** Opening Data supplied block **

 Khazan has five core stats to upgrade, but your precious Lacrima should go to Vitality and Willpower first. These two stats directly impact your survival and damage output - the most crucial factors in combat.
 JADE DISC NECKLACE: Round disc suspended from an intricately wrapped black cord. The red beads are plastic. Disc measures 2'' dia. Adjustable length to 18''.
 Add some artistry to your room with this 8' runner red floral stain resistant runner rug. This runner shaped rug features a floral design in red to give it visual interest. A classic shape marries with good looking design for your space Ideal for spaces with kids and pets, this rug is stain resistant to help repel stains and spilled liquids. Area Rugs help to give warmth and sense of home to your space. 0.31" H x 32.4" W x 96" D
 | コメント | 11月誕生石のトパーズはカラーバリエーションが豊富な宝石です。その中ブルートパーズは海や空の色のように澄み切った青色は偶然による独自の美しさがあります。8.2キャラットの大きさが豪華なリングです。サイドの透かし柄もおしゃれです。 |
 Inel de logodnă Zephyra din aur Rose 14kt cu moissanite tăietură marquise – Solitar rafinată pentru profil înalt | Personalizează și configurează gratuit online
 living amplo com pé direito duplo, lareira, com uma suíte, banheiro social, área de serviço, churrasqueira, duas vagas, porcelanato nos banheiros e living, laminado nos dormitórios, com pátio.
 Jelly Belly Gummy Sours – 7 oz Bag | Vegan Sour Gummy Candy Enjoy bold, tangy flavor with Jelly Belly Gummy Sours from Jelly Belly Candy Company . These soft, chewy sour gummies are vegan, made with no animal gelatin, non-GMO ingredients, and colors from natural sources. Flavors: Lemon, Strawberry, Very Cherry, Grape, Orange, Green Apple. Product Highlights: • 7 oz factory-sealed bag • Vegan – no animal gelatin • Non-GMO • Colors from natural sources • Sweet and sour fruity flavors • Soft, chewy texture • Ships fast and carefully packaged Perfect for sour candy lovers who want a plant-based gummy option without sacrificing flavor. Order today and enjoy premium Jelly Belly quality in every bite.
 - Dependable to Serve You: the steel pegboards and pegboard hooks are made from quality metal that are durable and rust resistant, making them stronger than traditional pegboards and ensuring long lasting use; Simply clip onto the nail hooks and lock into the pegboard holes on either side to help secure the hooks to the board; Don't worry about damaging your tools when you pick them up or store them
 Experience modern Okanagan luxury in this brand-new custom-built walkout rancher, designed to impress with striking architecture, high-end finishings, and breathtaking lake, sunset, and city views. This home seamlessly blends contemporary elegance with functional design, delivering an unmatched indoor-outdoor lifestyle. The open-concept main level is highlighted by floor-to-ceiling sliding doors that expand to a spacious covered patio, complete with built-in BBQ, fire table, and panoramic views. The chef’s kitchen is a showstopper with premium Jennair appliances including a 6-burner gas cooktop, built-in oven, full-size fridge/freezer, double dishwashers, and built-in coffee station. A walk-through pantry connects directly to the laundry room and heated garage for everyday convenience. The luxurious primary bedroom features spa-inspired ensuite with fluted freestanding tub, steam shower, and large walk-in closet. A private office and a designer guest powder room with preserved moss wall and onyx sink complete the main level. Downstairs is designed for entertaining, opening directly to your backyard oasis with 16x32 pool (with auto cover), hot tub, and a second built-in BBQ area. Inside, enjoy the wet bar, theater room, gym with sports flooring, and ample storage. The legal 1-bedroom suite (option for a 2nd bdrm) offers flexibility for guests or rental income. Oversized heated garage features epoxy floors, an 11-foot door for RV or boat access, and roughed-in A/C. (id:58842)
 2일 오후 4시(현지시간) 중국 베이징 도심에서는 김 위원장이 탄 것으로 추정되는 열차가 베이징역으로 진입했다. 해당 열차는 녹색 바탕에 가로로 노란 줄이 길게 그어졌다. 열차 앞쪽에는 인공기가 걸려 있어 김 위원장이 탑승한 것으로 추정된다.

** Closing Data supplied block **

-- Exercise goal --
Only the lines above from the one with "Jelly Belly Gummy Sours –" through the one with "- Dependable to" should be duplicated, character for character.

-- Exercise output --
 Jelly Belly Gummy Sours – 7 oz Bag | Vegan Sour Gummy Candy Enjoy bold, tangy flavor with Jelly Belly Gummy Sours from Jelly Belly Candy Company . These soft, chewy sour gummies are vegan, made with no animal gelatin, non-GMO ingredients, and colors from natural sources. Flavors: Lemon, Strawberry, Very Cherry, Grape, Orange, Green Apple. Product Highlights: • 7 oz factory-sealed bag • Vegan – no animal gelatin • Non-GMO • Colors from natural sources • Sweet and sour fruity flavors • Soft, chewy texture • Ships fast and carefully packaged Perfect for sour candy lovers who want a plant-based gummy option without sacrificing flavor. Order today and enjoy premium Jelly Belly quality in every bite.
 - Dependable to Serve You: the steel pegboards and pegboard hooks are made from quality metal that are durable and rust resistant, making them stronger than traditional pegboards and ensuring long lasting use; Simply clip onto the nail hooks and lock into the pegboard holes on either side to help secure the hooks to the board; Don't worry about damaging your tools when you pick them up or store them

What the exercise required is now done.